On the other hand, it was growing dark, the hour when loonies
crawled out of their holes. And in this chill autumn in the
third year of her Troubles, England needed policing more than
pageantry. In August, London's Bobbies had been issued automatic
weapons. They needed them with all the looters. And lanterns,
too, as often as the power was down.
The
hissing sound came again, and this time the corporal took a
breath, stepped smartly out of his guardhouse, and performed
a left face.
"Bloody
hell!" he huffed out on a cloud of frosted breath.
The
man was no more 30 meters away, standing a few feet from the
stone facade of Buckingham Palace.

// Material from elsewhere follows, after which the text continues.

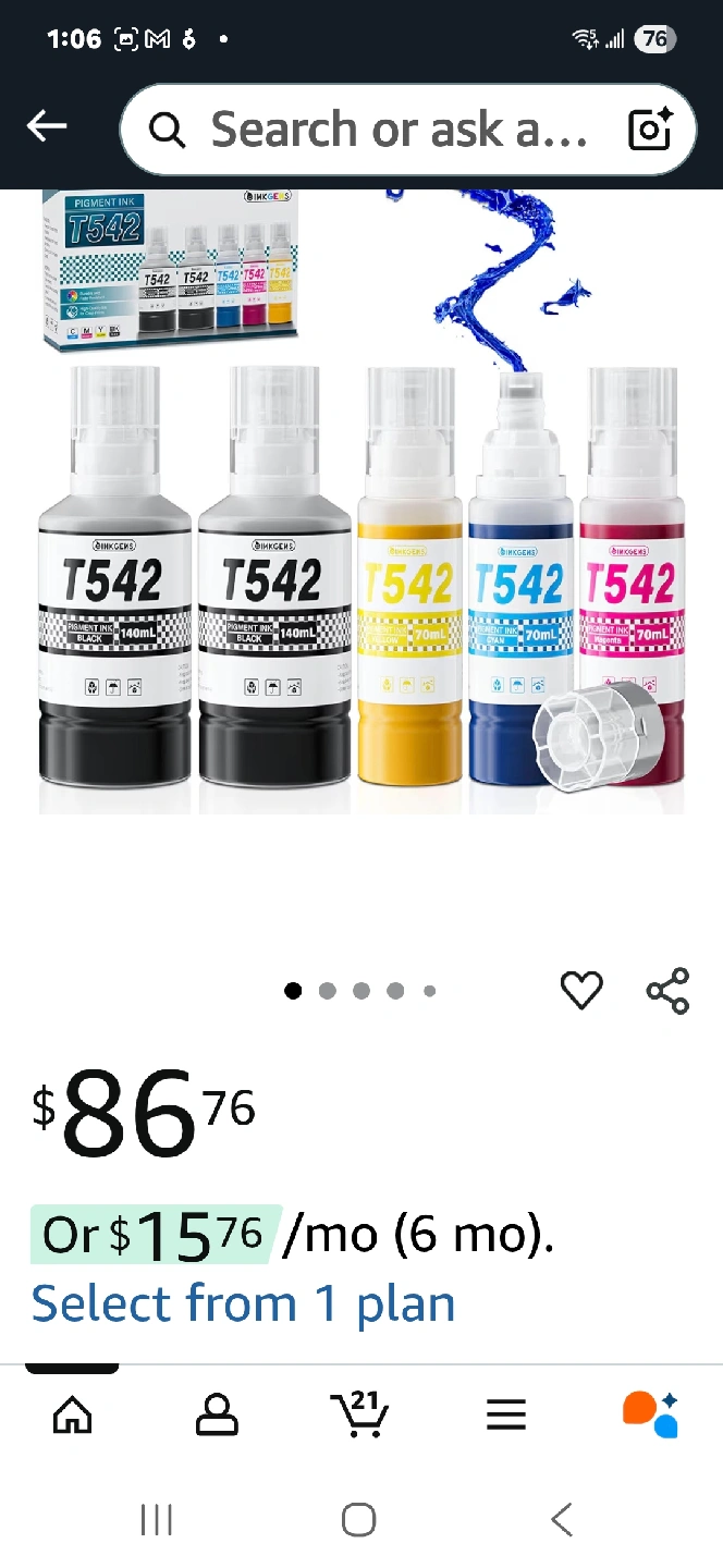 Selling a set of Inkgens T542 ink refill bottles. These are designed for use with Epson Ecotank printers, including models like the ET-16600, ET-5850, and several WorkForce ST series printers. The set includes black, cyan, magenta, and yellow inks. Originally bought for $86.76

He was a small fellow, hatless,
and wearing a dark overcoat that belonged on a larger man. He
had something in his right hand, pointing it toward the building.
"Aston?"
a voice rasped behind the corporal, snapping him around. It
was Whitbridge, the gangling lance corporal who had just been
transferred to palace duty. Aston shook his head, gave him a
Stay hand sign, and turned back to business.
"You
there!" Aston shouted. "What are you doing?
The
intruder glanced in Aston's direction, but kept pointing whatever
he held in his hand at the wall, just below a second story window.
Aston tried to picture the layout of the palace in his mind.

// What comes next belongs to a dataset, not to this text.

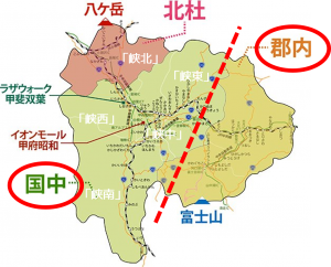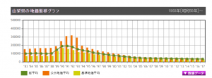 表は土地代データより:表の縦軸は㎡単価、https://tochidai.info/yamanashi/

Where was the King to be tonight? On the second floor? The north
wing? He couldn't remember. "Stop!" he yelled again,
moving forward, unslinging his rifle from his shoulder. "Stop,
I say! Stop or…"
The
gunshot stunned him! With the blast ringing in his ears he saw
the man in the overcoat crumple in silent slow motion. For a
moment he thought his rifle had misfired, but that couldn't
be right. He hadn't felt any recoil.
"Oh, shit," Whitbridge whispered behind him, and Aston
turned. The kid was standing a couple of meters away, off to
his right. He was all tangled up with his rifle.
"Mary
and Joseph!" Aston breathed. "Are you mad?"
"The
strap got caught. Somehow I…the trigger…" Whitbridge stumbled.
"I…I'm sorry."
The
corporal wiped at a slick of sweat that had appeared on his
upper lip, and his training kicked in. "Right. It's too
late for it now. You go back to your guardhouse and alert Sergeant
Alsworth. Stamp on that red jigger in the floor. That rings
a buzzer in his office. I'll see what kind of a muck-up you've
got us into."
"But…"
"Go!"
Aston ordered, pointing the way.
"I
think I killed him."
"I'd
be bloody well surprised if you didn't at this range! Now get
back to…"
"I've
got to know."
"Get
hold of yourself, guardsman! You've been given an order. Follow
it!" Aston moved away, then stopped and turned back. Whitbridge
was still there. The corporal sighed. "Well, come on then."
The
body lay face down, dark blood still pooling at the head. Whitbridge
was quite right. The man was dead, shot straight through the
neck. The bullet had apparently shattered the spine.
"Oh,
my God." Whitbridge trembled.
Aston
knelt down and gingerly turned the man over so they could get
a look at him. He was young, not much older than they were.
Thin and sallow faced. Dark hair. Faded blue eyes, wide open
in surprise.
"Who
is he?" asked Whitbridge.
"How
should I know?" Aston said. "A painter."
"What?"
The
corporal lifted a can laying next to the body in his gloved
hand and turned it around to the label. Simpson's Flat Black,
it read. He pointed to a place on the wall directly below the
second floor window. "Looks like he was finished."
Whitbridge
read the words aloud: "Noting in England Woks."